Veronica Campbell ruba la scena al suo connazionale, correndo nei 100 metri con un fantastico 10″76, sorprendendo tutti e anche se stessa. Ai giornalisti ha dichiarato «Volevo correre intorno ai 10″92 sono sorpresa e felice, ringrazio Dio di avermi dato la forza di correre cosi veloce, la pista il pubblico sono stati fantastici, poi stabilire il mio record personale lo è stato ancora di più. Adesso andrò a casa per continuare ad allenarmi duramente e non gareggerò più fino ai campionati giamaicani e ai trials, dove prenderò parte sia ai 100 che ai 200 metri. Alla domanda pensi di migliorarti la Campbell ha risposto “l’unico limite è il cielo”».

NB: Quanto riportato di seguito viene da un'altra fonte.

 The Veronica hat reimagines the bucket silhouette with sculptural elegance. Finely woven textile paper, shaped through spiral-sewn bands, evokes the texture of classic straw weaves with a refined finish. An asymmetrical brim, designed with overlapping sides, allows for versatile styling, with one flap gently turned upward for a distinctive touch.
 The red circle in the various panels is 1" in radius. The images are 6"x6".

Il sudafricano Louis Van Zyl continua il suo trend positivo nei 400 ostacoli. Una gara solitaria la sua che l’ha visto vincere, confermando ormai che è l’uomo da battere ai Mondiali sud coreani. Nei 110 ostacoli è il cubano Dayron Robles a confermare la sua leadership. L’atleta che nel 2008 aveva stabilito il suo record del mondo con il crono di 12″87, a Ostrava ha vinto per la quarta volta consecutiva, mettendo alle sue spalle il giamaicano Thomas Dwight e l’americano Terrence Trammel.

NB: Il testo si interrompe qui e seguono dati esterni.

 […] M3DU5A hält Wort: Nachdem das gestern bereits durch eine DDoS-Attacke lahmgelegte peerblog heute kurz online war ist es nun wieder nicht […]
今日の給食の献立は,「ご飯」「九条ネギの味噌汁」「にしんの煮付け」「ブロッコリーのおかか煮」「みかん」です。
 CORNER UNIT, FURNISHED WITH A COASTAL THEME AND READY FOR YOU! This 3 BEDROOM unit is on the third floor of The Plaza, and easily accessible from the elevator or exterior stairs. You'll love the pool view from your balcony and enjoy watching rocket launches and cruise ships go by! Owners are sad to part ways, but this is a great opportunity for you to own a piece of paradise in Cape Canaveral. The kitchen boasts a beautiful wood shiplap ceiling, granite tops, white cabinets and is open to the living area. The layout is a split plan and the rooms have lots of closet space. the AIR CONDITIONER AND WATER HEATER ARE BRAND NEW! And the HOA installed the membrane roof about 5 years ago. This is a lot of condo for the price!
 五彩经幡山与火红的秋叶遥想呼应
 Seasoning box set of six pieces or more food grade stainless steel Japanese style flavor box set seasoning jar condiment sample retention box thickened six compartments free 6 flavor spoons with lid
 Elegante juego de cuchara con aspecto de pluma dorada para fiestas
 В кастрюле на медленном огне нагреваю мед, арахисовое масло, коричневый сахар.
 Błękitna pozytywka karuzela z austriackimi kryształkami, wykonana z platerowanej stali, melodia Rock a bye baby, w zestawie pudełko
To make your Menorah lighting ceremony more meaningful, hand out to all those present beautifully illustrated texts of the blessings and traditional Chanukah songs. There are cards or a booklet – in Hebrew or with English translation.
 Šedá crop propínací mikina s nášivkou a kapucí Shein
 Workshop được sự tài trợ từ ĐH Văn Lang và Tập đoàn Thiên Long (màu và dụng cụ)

Nel giavellotto femminile e la russa Mariya Abakumova a rovinare la festa alla detentrice del record del mondo, la campionessa Barbora Špotáková. Le due atlete continuano con il Golden Spike, in quella che sembra un’eterna e personale sfida tra di loro, basti pensare all’oro Olimpico del 2008 che la ceca strappo alla russa nell’ultimo lancio. A Ostrava stavolta è il turno della Abakumova, che vince stabilendo la migliore prestazione stagionale con 65 metri e 89. Tra gli uomini e il tedesco Matthias De Zordo a lanciare più lontano con la misura di 85 metri e 78, mettendo alle sue spalle il finnico Tero Pitkämäki (82.31) e il ceco Petr Frydrych (81.81).

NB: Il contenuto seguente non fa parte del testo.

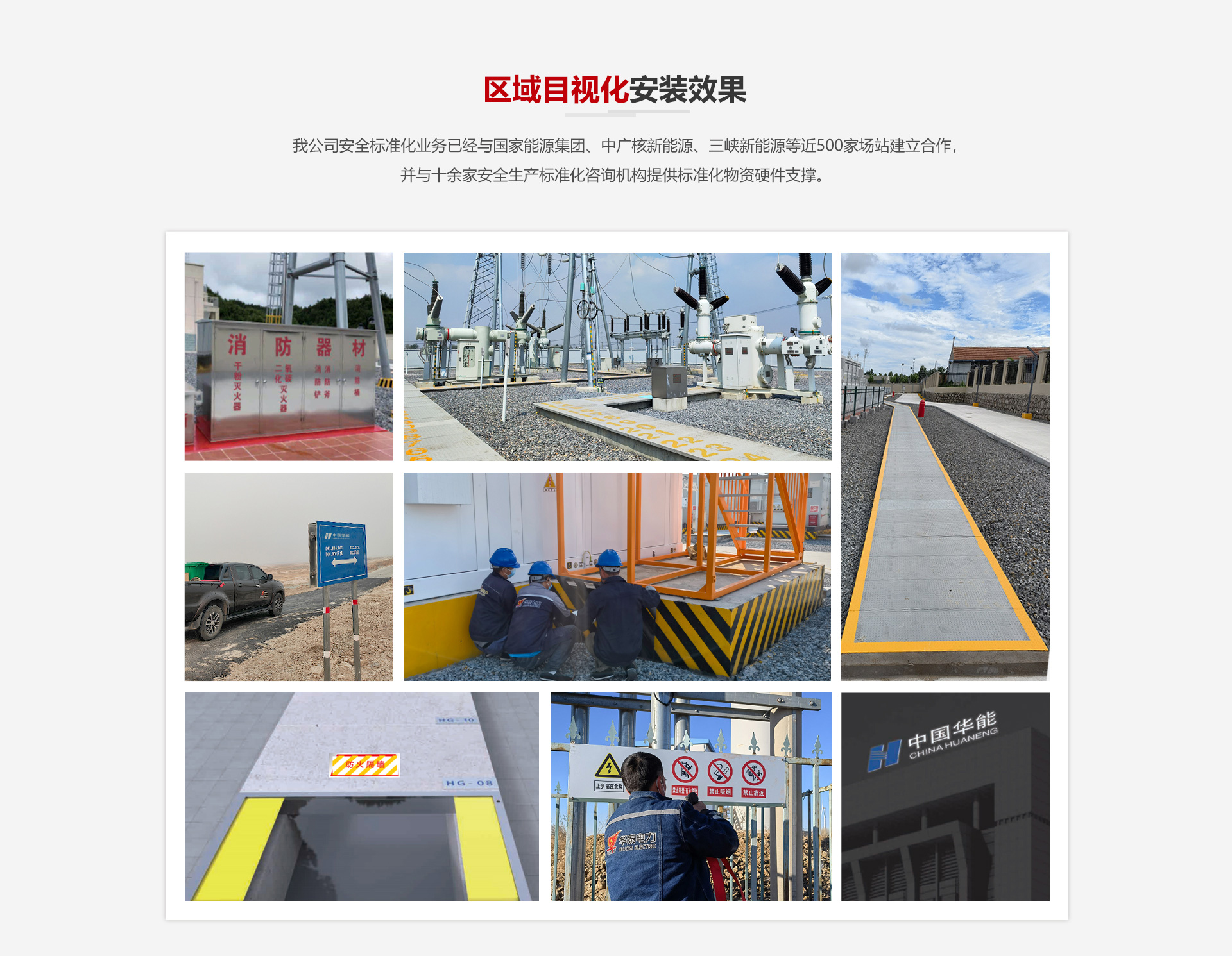 我公司安全標準化業務已經與國家能源集團、中廣核新能源、三峽新能源等近500家場站建立合作,并與十余家安全生產標準化咨詢機構提供標準化物資硬件支撐。

Nel salto in alto Ivan Ukhov e Raul Spank, sono stati costretti a un tie-break dopo aver entrambi superato i 2 e 33 e sbagliato i 2 metri e 36. Ukhov alla fine è riuscito ad avere la meglio sul tedesco superando a ritroso di nuovo i 2 e 32.

I 3000 siepi sono stati appannaggio Paul Kipsiele Koech. Il keniano con un tempo finale di 8’02″55, ha strapazzato il suo connazionale Hillary Kipsang Yego, giunto alle sue spalle con il tempo di 8’12″63, terzo l’etiope Gari Roba con 8’15″16.